Why do we say that fastai has a “layered” API? What does it mean?
Why does a Transform have a decode method? What does it do?
Why does a Transform have a setup method? What does it do?
How does a Transform work when called on a tuple?
Which methods do you need to implement when writing your own Transform?
Write a Normalize transform that fully normalizes items (subtract the mean and divide by the standard deviation of the dataset), and that can decode that behavior. Try not to peek!
Write a Transform that does the numericalization of tokenized texts (it should set its vocab automatically from the dataset seen and have a decode method). Look at the source code of fastai if you need help.
What is a Pipeline?
What is a TfmdLists?
What is a Datasets? How is it different from a TfmdLists?
Why are TfmdLists and Datasets named with an “s”?
How can you build a DataLoaders from a TfmdLists or a Datasets?
How do you pass item_tfms and batch_tfms when building a DataLoaders from a TfmdLists or a Datasets?
What do you need to do when you want to have your custom items work with methods like show_batch or show_results?
Why can we easily apply fastai data augmentation transforms to the SiamesePair we built?

Further Research

Use the mid-level API to prepare the data in DataLoaders on your own datasets. Try this with the Pet dataset and the Adult dataset from Chapter 1.
Look at the Siamese tutorial in the fastai documentation to learn how to customize the behavior of show_batch and show_results for new type of items. Implement it in your own project.

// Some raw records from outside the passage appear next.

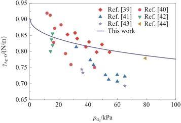 根據(jù)式(33),計(jì)算了1350 K下液態(tài)Ag-O系的表面張力γAg-O,并將計(jì)算結(jié)果與文獻(xiàn)數(shù)據(jù)[39-44]進(jìn)行比較,如圖5所示。觀察圖5可知,γAg-O與氧氣壓力呈負(fù)相關(guān)。在較低的氧氣壓力下,γAg-O的下降幅度比較顯著;而隨著氧氣壓力增加,γAg-O的下降幅度逐漸減小。另外,計(jì)算結(jié)果與文獻(xiàn)[39,40,44]吻合良好,但高于文獻(xiàn)[41-43]。這種差異是可以接受的,因?yàn)樗捎媚P蛢H考慮了溫度和氧氣壓力,而在實(shí)驗(yàn)過程中,系統(tǒng)的表面張力不可避免地受到雜質(zhì)的影響。
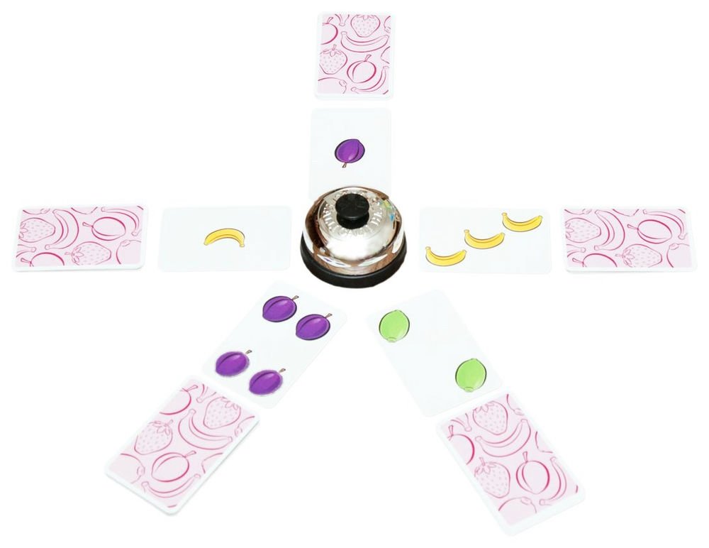Состав игры: 56 карт с изображениями одного их четырёх видов фруктов (банан, клубника, лайм, слива в количестве от 1 до 5), звонок, правила игры на русском языке внутри, жестяная коробочка.
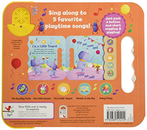 five favorite playtime songs! The lyrics for each song are accompanied by colorful illustrations, and the matching audio button plays the tune.
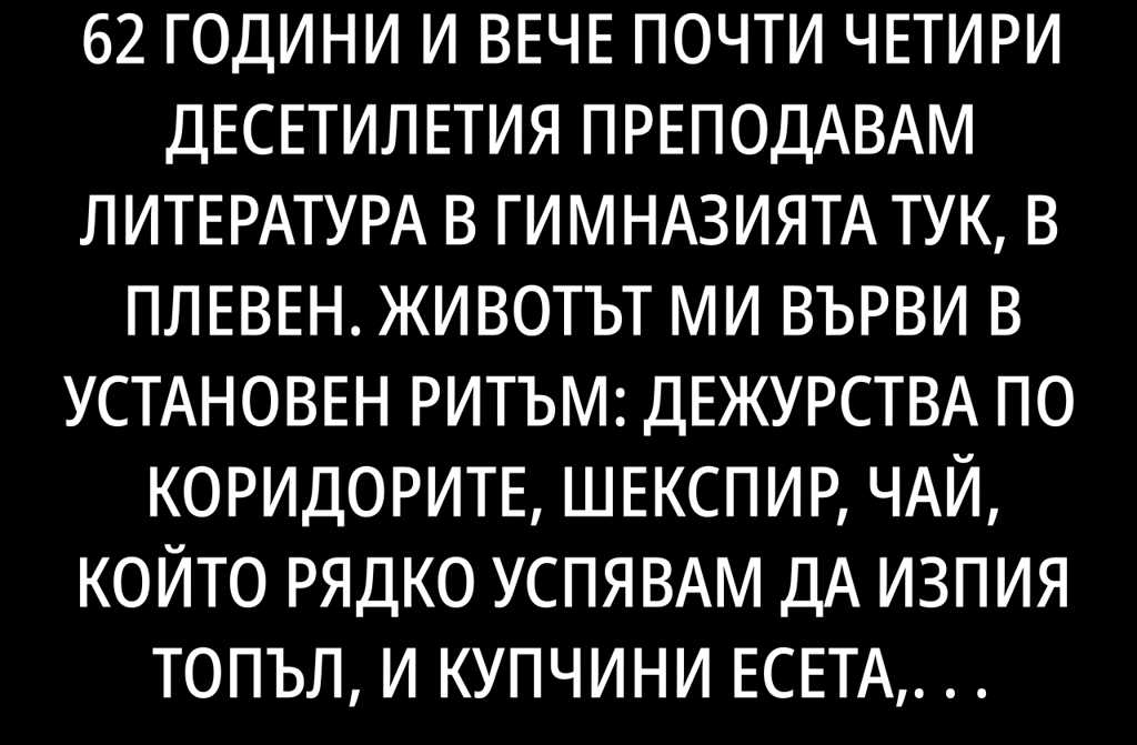 Аз съм на 62 години и вече почти четири десетилетия преподавам литература в гимназията тук, в Плевен. Животът ми върви в установен ритъм: дежурства по коридорите, Шекспир, чай, който рядко успявам да изпия топъл, и купчини есета, които никога не свършват.
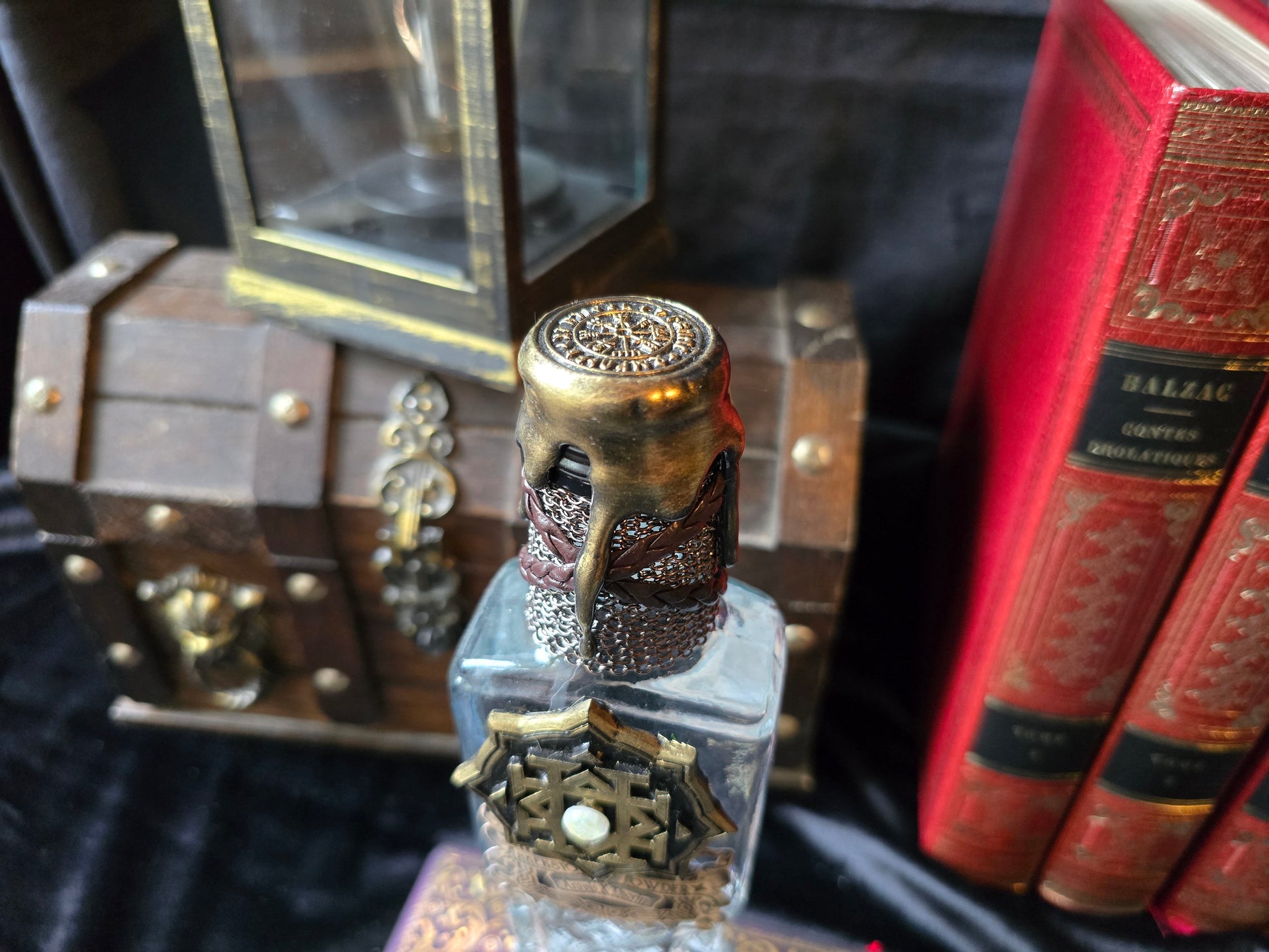 - De la chaine est enroulée sur le haut de la fiole ainsi que du simili cuir tressé.
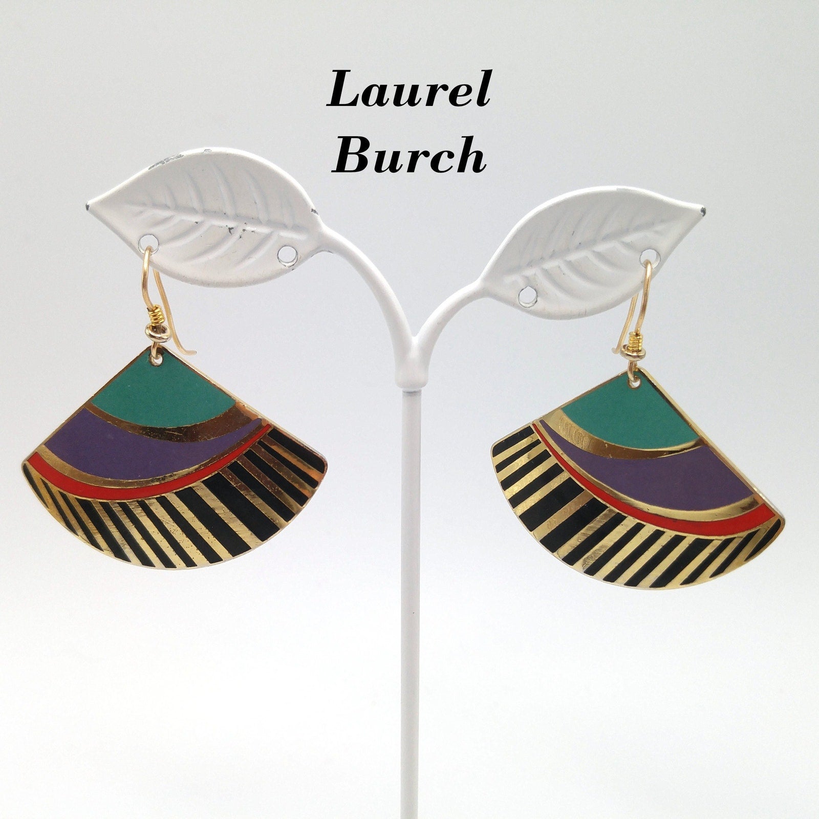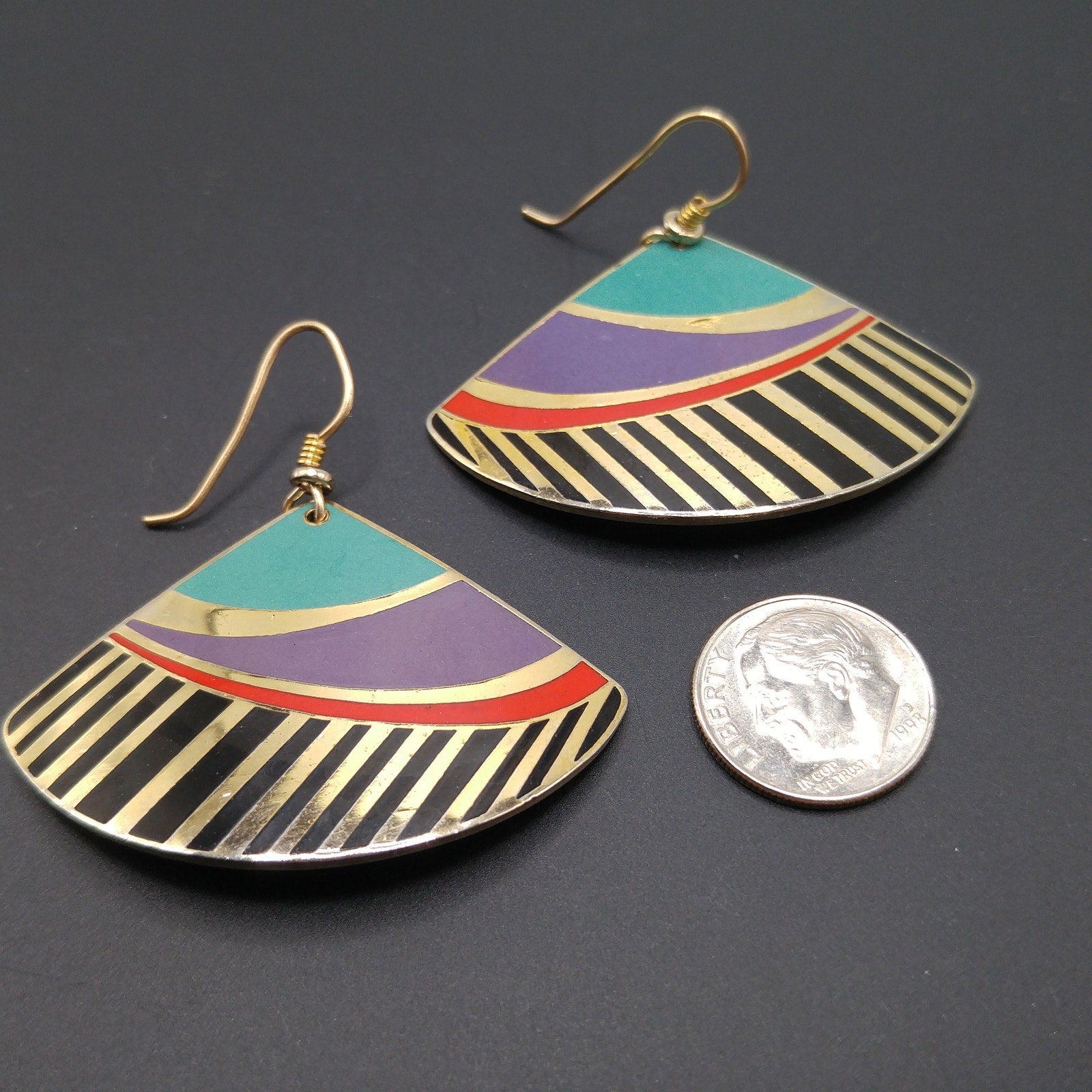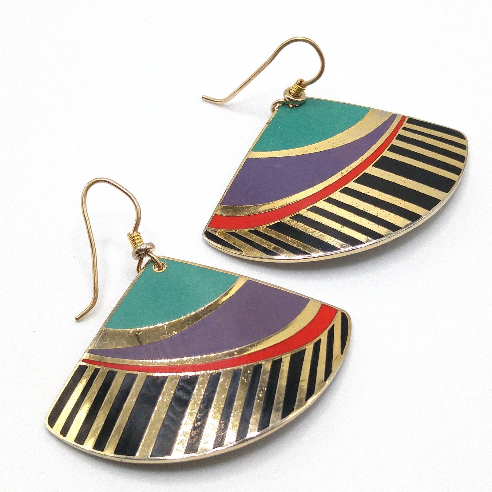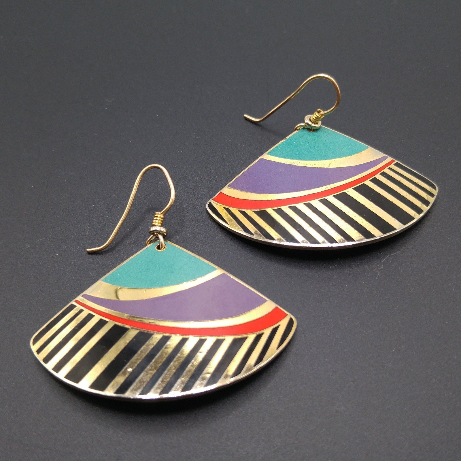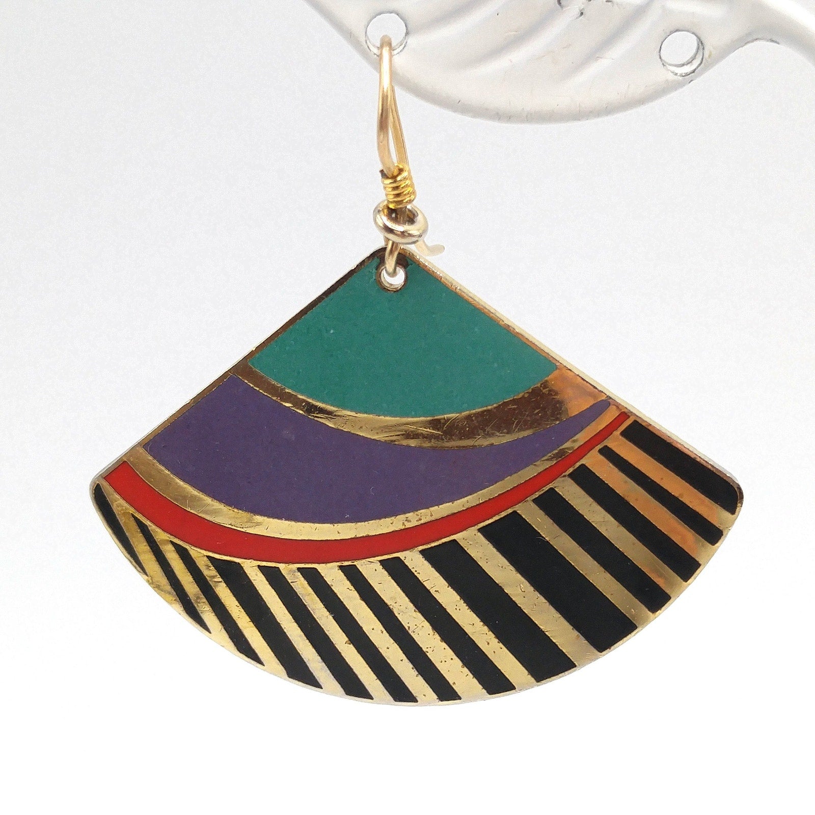 *Description: This is a unique pair of Laurel Burch earrings in the Madrid fan design with gold plated cloisonne and enamel in black, turquoise, purple, and red, from the 1980s. This style is pretty rare and is in a larger fan shape with geometric designs; outlined and filled with gold plate. The ear wires are gold filled. This would be a great addition to your vintage jewelry collection or make a great vintage gift!

Understanding fastai’s Applications: Wrap Up

Congratulations—you’ve completed all of the chapters in this book that cover the key practical parts of training models and using deep learning! You know how to use all of fastai’s built-in applications, and how to customize them using the data block API and loss functions. You even know how to create a neural network from scratch, and train it! (And hopefully you now know some of the questions to ask to make sure your creations help improve society too.)

The knowledge you already have is enough to create full working prototypes of many types of neural network applications. More importantly, it will help you understand the capabilities and limitations of deep learning models, and how to design a system that’s well adapted to them.

In the rest of this book we will be pulling apart those applications, piece by piece, to understand the foundations they are built on. This is important knowledge for a deep learning practitioner, because it is what allows you to inspect and debug models that you build and create new applications that are customized for your particular projects.